On December 12, 2019, DOL published its final rule making the first changes in 50 years in the definition of the FLSA’s “regular rate.” The regular rate, instead of an hourly employee’s base hourly rate, must be used in calculating the rate used for payment of all overtime wages earned by employees covered by the FLSA. 

In last month’s issue, we summarized the principal categories of changes we expected to be made in the final rule. The final rule permits employers to exclude from the regular rate calculation the following categories of compensation:

  • The cost of providing certain parking benefits, wellness programs, onsite specialist treatment, gym access and fitness classes, employee discounts on retail goods and services, certain tuition benefits (whether paid to an employee, an education provider, or a student-loan program), and adoption assistance.
  • Payments for unused paid leave, including paid sick leave or paid time off.
  • Payments of certain penalties required under state and local scheduling laws.

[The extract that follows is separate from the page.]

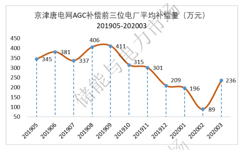 選取京津唐電網(wǎng)2019年5月-2020年3月間,各月補(bǔ)償量排名前三的電廠,取三者月度補(bǔ)償量的平均值。與京津唐電網(wǎng)AGC總補(bǔ)償量趨勢相似,各個(gè)電廠獲得的補(bǔ)償量也呈下降趨勢。2020年,最低2月份只有89萬,1月和3月在200萬左右。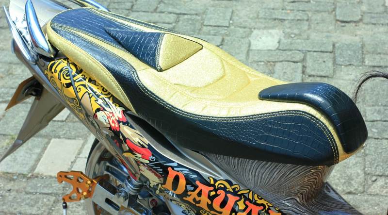 Demi memperpadat penampakan sektor undercarriage, terpancang dobel knalpot custom yang makin detail kala lingkar kakinya dieloki pemasangan caliper guard custom, braket foot rest boncenger berbahan besi kotak ulir serta terunik yakni pemasangan hand shift berbentuk pedang. “Biar makin estestik, baik caliper guard, maupun swing arm dan kalter enginnya kusentuh teknik grafir bermotif ukir floral,” tunjuknya seraya mecelup krom all area under carriagenya dengan dipercayakan kepada gerai Star Chrome.

  • Reimbursed expenses including cellphone plans, credentialing exam fees, organization membership dues, and travel, even if not incurred “solely” for the employer’s benefit; and clarifies that reimbursements that do not exceed the maximum travel reimbursement under the Federal Travel Regulation System or the optional IRS substantiation amounts for travel expenses are per se “reasonable payments.”
  • Certain sign-on bonuses and certain longevity bonuses.

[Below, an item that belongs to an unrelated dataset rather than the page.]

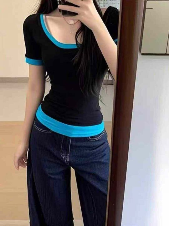 [月亮]:5.8秒杀清480件[月亮]:辣妹U领垂感拼色设计假两件T恤[月亮]:1234...

  • The cost of office coffee and snacks to employees as gifts.
  • Discretionary bonuses, by clarifying that the label given a bonus does not determine whether it is discretionary and providing additional examples. 
  • Contributions to benefit plans for accident, unemployment, legal services, or other events that could cause future financial hardship or expense.

The final rule will be effective on January 15, 2020.